One of my best friends was a year younger than me, so after graduation, I found myself returning to his track meets to become his de facto coach: devising race strategy, cheering on every corner, and even developing elaborate race-day nutritional ploys (anyone ever hear of “bicarbonate loading?”). This experience planted the seed that would later sprout into a real coaching career.

Joe UhanA year later, I matriculated to the University of Wisconsin-Eau Claire, a Division-III school in central Wisconsin. There, I had the privilege to be coached by marathon guru, Sean Hartnett. Sean, who would go by nothing else, was the Philosopher Coach. His “Miyagi”-like approach to the sport was reflected even in his attire: subbing the polo shirt, whistle and clipboard for jeans, a plaid blazer, and a plaid hat. His egalitarian philosophy and commitment to team still resonates with his former runners equally strong as his many Sean-isms, such as “Big Mileage pays Big Dividends,” “Race (train, and coach) with The End in mind,” and a single word: “Unus,” meaning one, in Latin. He also taught us more practical lessons, including, “If you raced hard enough, it shouldn’t take more than a couple beers to have fun,” as well as the liberal use of a certain fruit extract as a skin protectant and thermal insulator for the frigid, post-season meets. My time with the Blugolds and Sean – and the collective triumphs and struggles we shared – would prove to be a blueprint for my professional and personal life, and for how I want the running experience to be for others.

After graduating, I was employed as a lab chemist with flexible hours. I took advantage and helped out the track team at my old high school. A low-key, part-time volunteer gig became a true passion. I loved coaching, and threw the bulk of my time, effort and passion into it.

My coaching philosophy was simple: whatever the kids needed, I’d provide it. It didn’t take long to determine their most significant need: quality sports medicine.

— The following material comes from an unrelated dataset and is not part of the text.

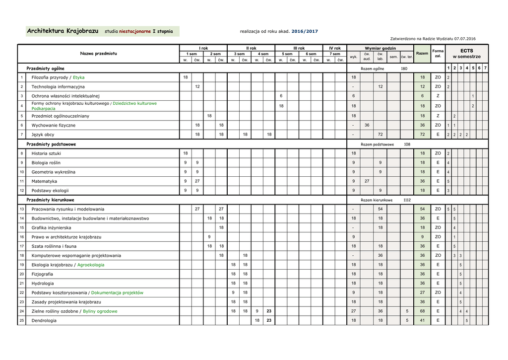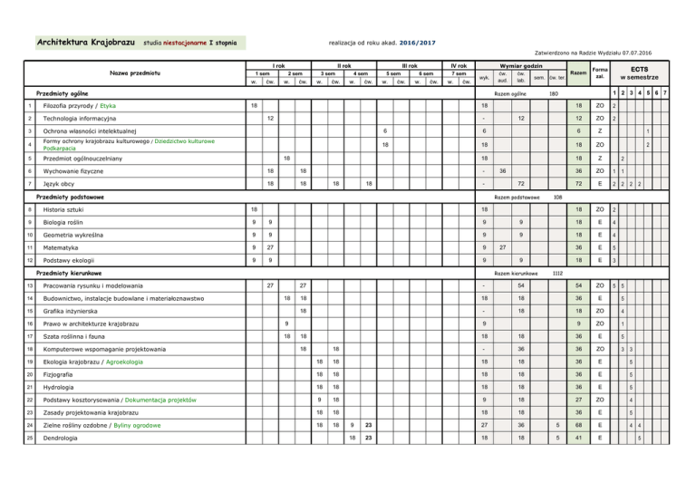 Architektura Krajobrazu studia niestacjonarne I stopnia realizacja od roku akad. 2016/2017 Zatwierdzono na Radzie Wydziału 07.07.2016 Nazwa przedmiotu I rok 1 sem w. ćw. II rok 2 sem w. ćw. 3 sem w. ćw. III rok 4 sem w. ćw. 5 sem w. ćw. IV rok 6 sem w. ćw. 7 sem w. ćw. wyk. Przedmioty ogólne Wymiar godzin Razem ćw. ćw. sem. ćw. ter. aud. lab. Razem ogólne 1 Filozofia przyrody / Etyka 2 Technologia informacyjna 3 Ochrona własności intelektualnej 6 4 Formy ochrony krajobrazu kulturowego / Dziedzictwo kulturowe Podkarpacia 18 5 Przedmiot ogólnouczelniany 6 Wychowanie fizyczne 18 18 7 Język obcy 18 18 18 ZO 2 12 ZO 2 6 6 Z 1 18 18 ZO 2 18 18 Z 36 ZO 1 1 72 E 2 2 - 12 18 18 18 1 2 3 4 5 6 7 180 18 18 ECTS w semestrze Forma zal. 12 36 - Przedmioty podstawowe 72 Razem podstawowe 2 Historia sztuki 18 18 ZO 2 9 Biologia roślin 9 9 9 9 18 E 4 10 Geometria wykreślna 9 9 9 9 18 E 4 11 Matematyka 9 27 9 36 E 5 12 Podstawy ekologii 9 9 9 18 E 3 5 18 27 9 Razem kierunkowe 13 Pracowania rysunku i modelowania 14 Budownictwo, instalacje budowlane i materiałoznawstwo 15 Grafika inżynierska 16 Prawo w architekturze krajobrazu 9 17 Szata roślinna i fauna 18 18 Komputerowe wspomaganie projektowania 19 Ekologia krajobrazu / Agroekologia 20 21 27 18 1112 5 27 - 54 54 ZO 18 18 18 36 E 5 18 - 18 18 ZO 4 9 ZO 1 9 18 18 36 E 5 18 - 36 36 ZO 3 18 18 18 18 36 E 5 Fizjografia 18 18 18 18 36 E 5 Hydrologia 18 18 18 18 36 E 5 22 Podstawy kosztorysowania / Dokumentacja projektów 9 18 9 18 27 ZO 4 23 Zasady projektowania krajobrazu 18 18 18 18 36 E 5 24 Zielne rośliny ozdobne / Byliny ogrodowe 18 18 4 25 Dendrologia 18 18 2 108 8 Przedmioty kierunkowe 2 9 23 27 36 5 68 E 18 23 18 18 5 41 E 3 4 5 26 Fitosocjologia 9 23 9 18 27 Geodezja 18 18 18 18 28 Gleboznawstwo 9 23 9 18 5 29 Podstawy ogrodnictwa 9 14 5 30 5 32 ZO 4 36 E 4 32 E 5 41 E 2 27 E 5 36 ZO 5 3 9 9 18 18 Mechanizacja prac w terenach zieleni / Technika w terenach zieleni 9 18 9 18 31 Ochrona przyrody / Parki krajobrazowe 18 18 18 32 Ogrody tematyczne / Ogrody w krajobrazie wiejskim 9 18 9 18 27 ZO 4 33 Podstawy diagnostyki chorób i szkodników roślin / Ochrona roślin 9 18 9 18 18 36 54 E 4 4 34 Projektowanie obiektów architektury krajobrazu 18 9 18 18 36 54 4 35 Przedmiot do wyboru I 36 Przedmiot do wyboru II 37 Budowa obiektów architektury krajobrazu 38 18 E 4 - 18 18 ZO 2 18 - 18 18 ZO 2 18 18 18 18 36 E 5 Historia sztuki ogrodowej 9 14 9 9 23 E 3 39 Ekonomika i zarządzanie 9 9 ZO 1 40 Pielęgnacja i ochrona terenów zieleni 9 41 Projektowanie zintegrowane 42 Rośliny uprawne w krajobrazie / Rośliny alternatywne w krajobrazie 43 Seminarium inżynierskie 44 Praktyka zawodowa * 9 18 5 9 18 9 36 18 18 18 18 36 54 E 3 3 36 - 72 72 ZO 5 5 18 18 18 36 ZO 4 20 - 38 ZO 4 19 - ZO 38 - 2 7 Liczba godzin 72 129 201 63 135 198 99 144 243 72 142 87 214 117 204 63 158 221 27 92 119 *praktyka trwa 8 tygodni (250 godzin) i jest realizowana po zakończeniu zajęć dydaktycznych: - w 2. semestrze z zakresu rysunku i malarstwa: 2 tyg. (40 godz.) - 2 ECTS - w 4. semestrze z zakresu inwentaryzacji krajobrazu: 2 tyg. (50 godz.) - 2 ECTS i z zakresu zdobywania umiejętności zawodowych: 4 tyg. (160 godz.) - 5 ECTS Nazwy przedmiotów w zielonym kolorze oznaczają przedmioty do wyboru Przedmiot do wyboru I: Przedmiot do wyboru II: 1. Zagospodarowanie przestrzeni sepulkralnej 1. Gleby miejskie 2. Urządzanie zielni towarzyszącej ciągom komunikacyjnym 2. Rośliny zabytkowych parków i ogrodów 3. Współczesne rozwiązania budowlane architektury krajobrazu 3. Rośliny dziko rosnące i ich zastosowanie 483 483 117 732 38 917 30 1400 30 30 33 33 30 31 31 218

My personal frustration with conventional treatment for running injuries – rest, pain-meds, or surgery – grew geometrically as a coach. It killed me to see my kids injured, so I found myself poring over the internet looking for the latest, greatest exercise, stretch, tape or brace that would get them running again. Despite my lack of training, I was often successful. As it turned out, getting them better was as rewarding as getting them faster.

Joe UhanI loved coaching enough that I wanted to do it for a living. I got educated; first via USATF Level I and Level II coaching certifications.  That was great, but I wanted more. I enrolled at the University of Minnesota, intent on getting a Master’s Degree in Kinesiology. Having a strong technical background, I passed on biomechanics and physiology and went the other way – sport psychology. I loved it! During this time, I would work in the lab in the morning, take classes midday, and coach in the afternoon. I found myself applying the concepts from class to my athletes, sometimes the very same day.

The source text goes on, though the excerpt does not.